Icecast kh18 (AzuraCast) Stream URL https://sub.domain.com:8000/stream

Icacast kh18.3 (LinuxVersion) Stream URL https://sub.domain.com:8600/test icecast.xml settings:

<relay> <server>localhost</server> <port>8000</port> <mount>/stream</mount> <local-mount>/test</local-mount> <relay-shoutcast-metadata>1</relay-shoutcast-metadata> </relay>

<mount> <mount-name>/test</mount-name> <fallback-mount>/fallback-[64].aac</fallback-mount> <fallback-override>1</fallback-override> <charset>UTF-8</charset> <stream-name>Test Relay ReStream</stream-name> <stream-description>Test Relay ReStream</stream-description> <stream-url>https://sub.domain.com</stream-url> <genre>Top40</genre> <bitrate>64</bitrate> </mount>

<mount> <mount-name>/stream</mount-name> <fallback-mount>/test</fallback-mount> <fallback-override>1</fallback-override> <charset>UTF-8</charset> <stream-name>Test Relay ReStream 2</stream-name> <stream-description>Test Relay ReStream 2</stream-description> <stream-url>https://sub.domain.com</stream-url> <genre>Top40</genre> <bitrate>64</bitrate> </mount>

After restarting the VPS, no metadata is displayed, but the audio is successfully relayed and the sound matches the audio from port 8000 (azuracast). but after restarting icecast-service LinuxVersion the metadata is showing

karlheyes commented 1 year ago

that looks like an ugly loop type of thing there.
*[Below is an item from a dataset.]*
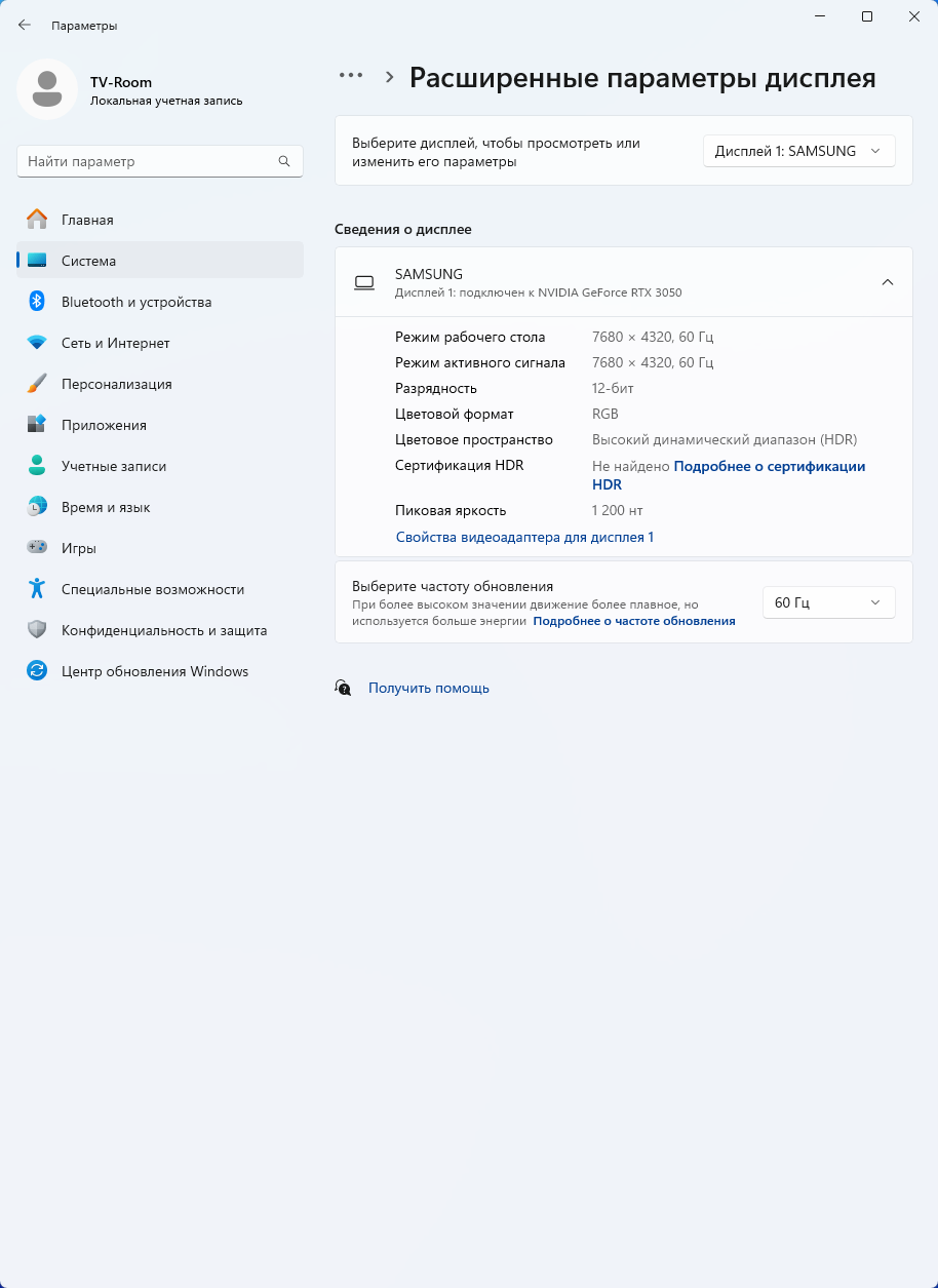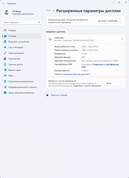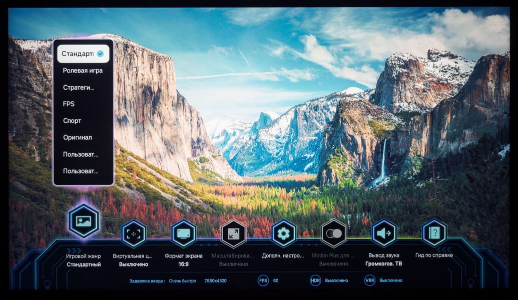 Для рассматриваемого решения производитель не указывает время отклика, но отмечает возможность работы в режиме 4K на частоте вертикальной развертки до 240 Гц после активации «игрового режима». При работе же в нативном разрешении стандарта 8K базовая частота составляет классические 60 Гц.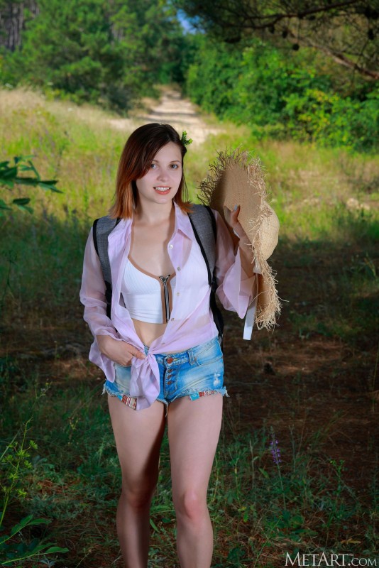 Устроив себе небольшой привал в лесу, длинноногая детка в коротких шортиках и майке медленно сняла с себя всю одежду и во всей красе оголила перед работающей камерой свою крепкую задницу с упругие буфера, а затем развратно изгибается на земле в разных позах, светя между ног сочной киской с прической на лобке.

You are relaying a mountpoint with a fallback to the mountpoint you are relaying to and have override settings. I'll have to run some tests to check that path specifically but multiple mountpoints with common fallbacks were never a reliable use case and here you have a possible relay loop. Separate isolated fallbacks are what people should use in such cases.

karlheyes commented 1 year ago

@gunsar the master should now have the fix for no metadata appearing. The issue was that it was starting with a fallback to file and the full initialisation was missing. The issue of the relay loop is still there but you should not expect that to work at all.

karl.

gunsar commented 1 year ago

@karlheyes I tried it new master f0eb586 , it's running as expected, it looks like the reading of the fallback file is now not placed at the front, so the metadata is automatically relayed. the experiment was successful, thank you.

gunsar commented 1 year ago

a few minutes later, sometimes the audio crashes and stops for a while. but after restarting the service it returns to normal, how many seconds does it actually take to read the fallback file, fallback mount and relay alternately?

gunsar commented 1 year ago

I asked how many seconds above, because the relay sometimes drops and the audio immediately changes to the play fallback file, even though the relay server is from localhost (in the same 1vps)

karlheyes commented 1 year ago

the fallback file just has a initial scan for format detection once at the start, it does not read all of it or keep a copy in memory. Are you still attempting the relay bouncing thing as that won't work well enough. A separate fallback file reference on the secondary mount (which could be a symlink to the same file) will stop the reading end getting thrown back onto itself.

gunsar commented 1 year ago

ok i will try to add fallback with different file and different mount.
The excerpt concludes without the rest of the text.